Notice I have mapped ‘ə’ with an alphabet ‘a’, whereas you won’t find any direct mapping of
‘ə’ to ‘a’ in the above mentioned IPA -> English mapping. This is because English language
does not support short vowels, so I used my best guess to create this mapping. It’s an open-
ended thing and you are free to create your own rules e.g. one could argue that his/her
system Romanize ‫ اَ ْش َرفی‬as ‘ashrafe’ or ‘ashrafy’, which is fine. However, if your system
Romanize it as ‘ashrafa’, this is seemingly incorrect.

Part 3:
In this part you will reverse your pipeline (rules) of part 2 and apply them to convert Roman
words to Urdu.
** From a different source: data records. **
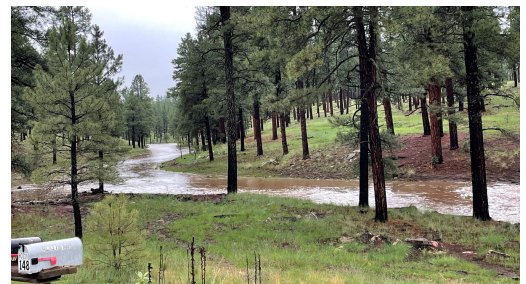
Flash Flooding, July 23, 2021

A special thank you to Bobby Reddell, Lot 53, for suggesting this article. Feedback and suggestions are always welcome.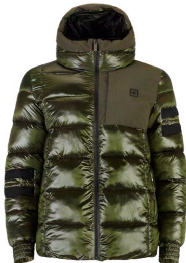
SURVIVOR / BLK / BLK 7EBB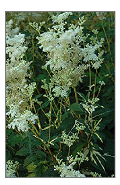
Variegated Queen Of The Meadow flowers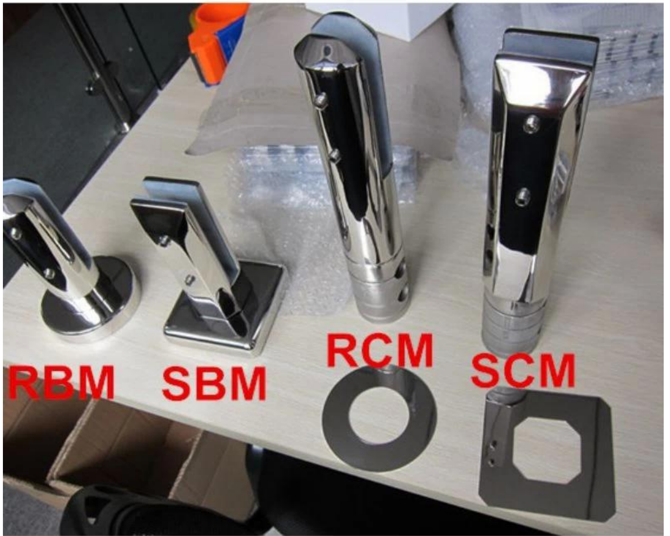
Finitura superficiale satinata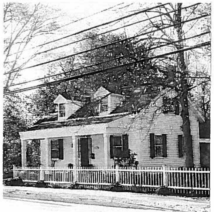
264 Andover Street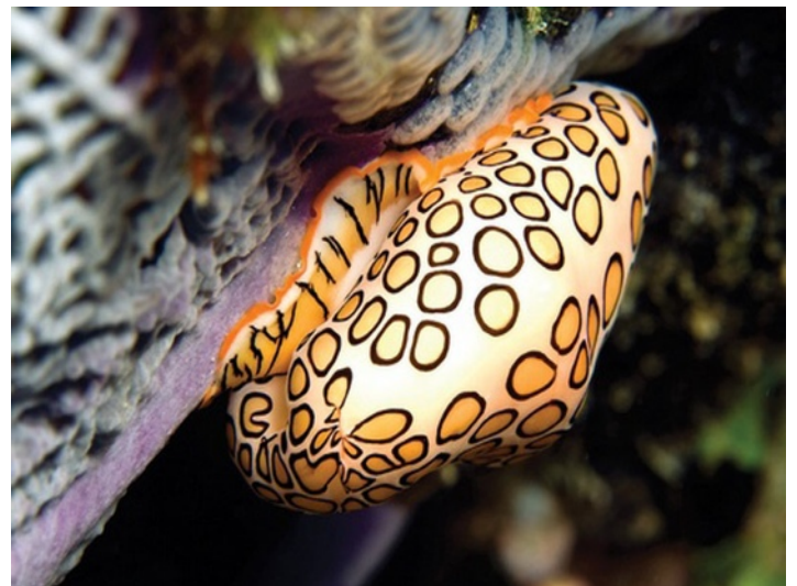
Nov ice 2nd place - Lance Glowacki, © 2010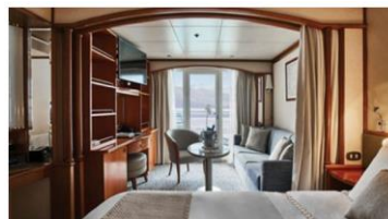
Classic Veranda Suite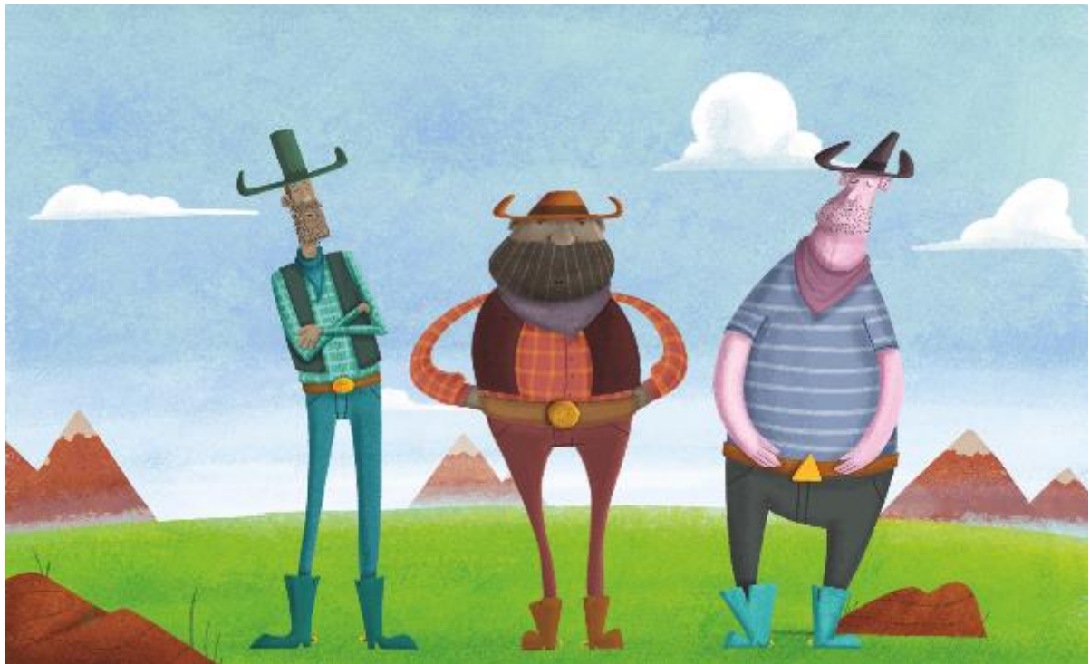
A group of cowboys

Cowboys were needed to move the cattle from one place to another. This could take months, so the cowboys lived and worked together and became friends.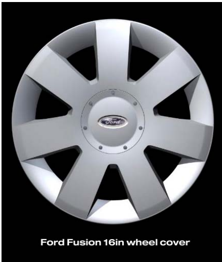
Ford Fusion 16in wheel cover

16" Steel Wheel w/Deluxe Wheel Cover Standard on S

Your program should take input (i.e. Roman words) from input.txt and write
output (i.e. Urdu words) in output.txt.

Submission Instructions:
Submit your code (.py) files, outputs (.txt) for each part. The name of each file should start
with your roll number e.g. your_roll_number_part1.py
Outputs:
- For part 1, submit the output of your system (i.e. phonemic transcription) on the
provided list of 50 words and report the WER
- For part 2, submit the Romanization of the same 50 words provided in part 1
- For part 3, you can design your own test cases. Submit both input.txt (i.e. the
Romanized words) and output.txt (i.e. the corresponding Urdu words)
Zip all the files and name it as `your_roll_number.zip` and submit it to LMS.

Plagiarism Policy:
All work (e.g. code, experiments, writing etc.) MUST be done independently. Any plagiarism
or cheating of work from others or the internet will be immediately referred to the DC. If you
are confused about what constitutes plagiarism, it is YOUR responsibility to consult with the
instructor or the TA in a timely manner. No “after the fact” negotiations will be possible. The
only way to guarantee that you do not lose marks is “DO NOT LOOK AT ANYONE ELSE'S
CODE, WORK OR WRITE-UP NOR DISCUSS IT WITH THEM”.

Late Days Policy:


The deadline of the assignment is final. However, in order to accommodate all the 11th hour
issues there is a late submission policy i.e. you can submit your assignment within 3 days
after the deadline with 25% deduction each day.